Due to its extreme age, and contrary to all expectations, Olympus looked old-fashioned in an unappealing way that couldn't even match the beauty of the Athenian acropolis in its prime. That acropolis—built hundreds of years later, largely by Ictinus, the greatest architect of ancient Athens, during the fifth century before the common era—had the benefit of many centuries of human innovations and a greater understanding of architectural beauty. Ictinus would have found the aesthetics of Olympus appalling. Rather than a focus on great visual appeal, what Olympus had was great quantities of gold—as if that represented the pinnacle of elegance and beauty. It had gold streets, gold roofs, gold this, gold that, it had an overuse of gold to the point of monotony which gave Ronan, who flew above it all, difficulty when trying to distinguish one thing from another.

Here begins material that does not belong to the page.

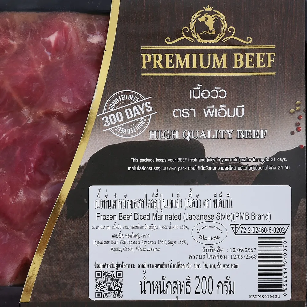 พีเอ็มบี เนื้อหั่นเต๋าหมักซอสญี่ปุ่น 200 ก.
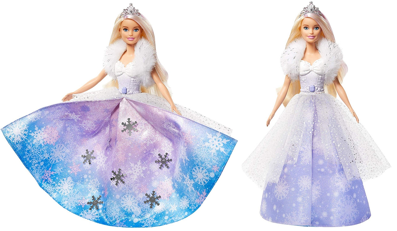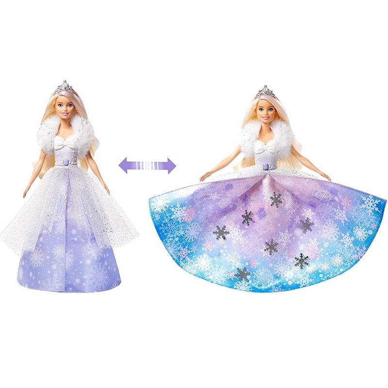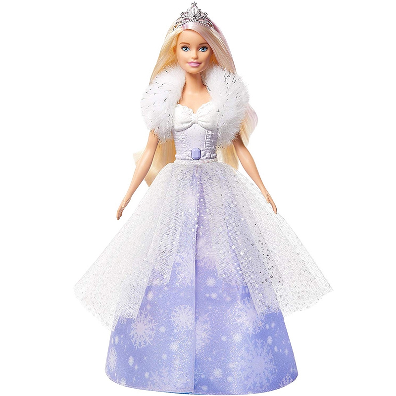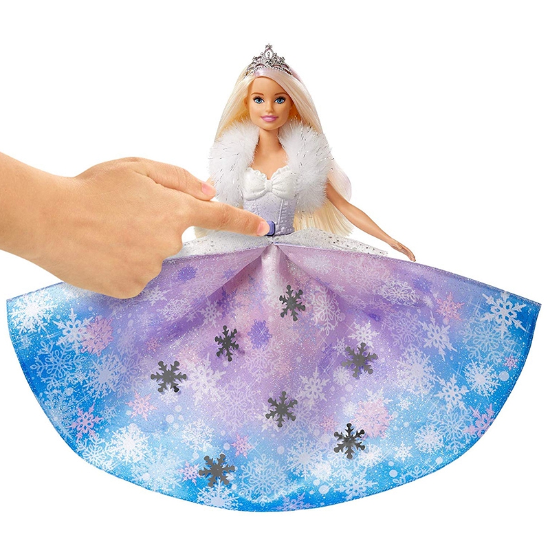 Śliczna Barbie o długich, blond włosach przeniesie Cię do krainy wyobraźni. Barbie jest ubrana w wyjątkową kreację – błyszczącą warstwową suknię w zimowych kolorach i z nadrukiem płatków śniegu. W tej kreacji lalka wygląda jak prawdziwa lodowa księżniczka. Błyszczący gorset z efektem zdobi mięciutkie bolerko ze sztucznego futerka. Naciśnij przycisk na gorsecie lalki, a jej sukienka „otworzy się”, odsłaniając srebrne płatki śniegu i piękne kolory – lawendowy, niebieski i różowy. Wśród jasnych włosów Barbie skrywa się różowy kosmyk, który dodaje fryzurze fantazji. Do zestawu dołączona jest szczotka i tiara.

Oddly, he could find no one on the streets and wondered where they might have gone. When he spied a thin trail of smoke rising above one of the courtyards, he knew where to find Poseidon.
The Brazen Bull of Phalaris consisted of a life-size hollow bull made of bronze. A hatch on its back allowed authorities to seal the condemned inside it, and a fire built beneath it would then bake to death its occupant. The method of torture and execution seemed so horrific and cruel that historians have had difficulty believing it ever existed, but they had pronounced it one of the worst ever conceived if it had, and arguably only a sadistic maniac would ever dream of using it. However, the Athenian Perilaus created it for the Sicilian tyrant, King Phalaris, who fit that description well. Perilaus told Phalaris that once the screaming inside began, it would echo through a series of chambers and tubes built within it and would exit the bull's mouth and nose sounding like those noises made by a real bull. According to the story, the king loved it and wanted a demonstration, but unfortunately, he had no one on which to test it. However, Phalaris had its inventor Perilaus who—in short order—became its first victim.
It hadn't surprised Ronan that the Brazen Bull appealed to Zeus, not only would it give him a means to torture someone, but he had taken the bull as one of his symbols when he cheated on his wife Hera with Europa long before then. This caused many on Olympus to note how baking inside the bull paralleled life on Olympus under Zeus's tyranny.
The courtyard in front of Zeus's temple held a beautiful garden, with a wide variety of colored bulb plantings in permanent bloom. In the center, the bronze bull stood atop a massive slab of marble that carried the scorch marks from the fires of the bull's previous usage. When Ronan arrived, he saw the fire had just started. From a distance, he reached out his hand and imitated grabbing the burning wood beneath it and flung it, causing it to fly off into the distance. He raised his hand concentrated for a split second, snapped his fingers and time stopped, leaving him in an angelic glow within his personal time-field. When he landed, his wings burned away in a line of fiery embering as he rushed to the bull. He grabbed the locking mechanism and tore it from its hasp. Having thrown back the hatch, he saw Poseidon inside curled into a ball, his face wet with tears in an expression of abject terror. With his hand glowing evermore brightly, Ronan placed it inside and touched Poseidon, giving him his own time-field.
Poseidon gasped in fright at the sudden change.
"It's me!" said Ronan.
"Ronan!" He said in panic. "Get me out of this thing!"
After helping him climb out, the moment Poseidon's feet touched the ground, he hugged Ronan.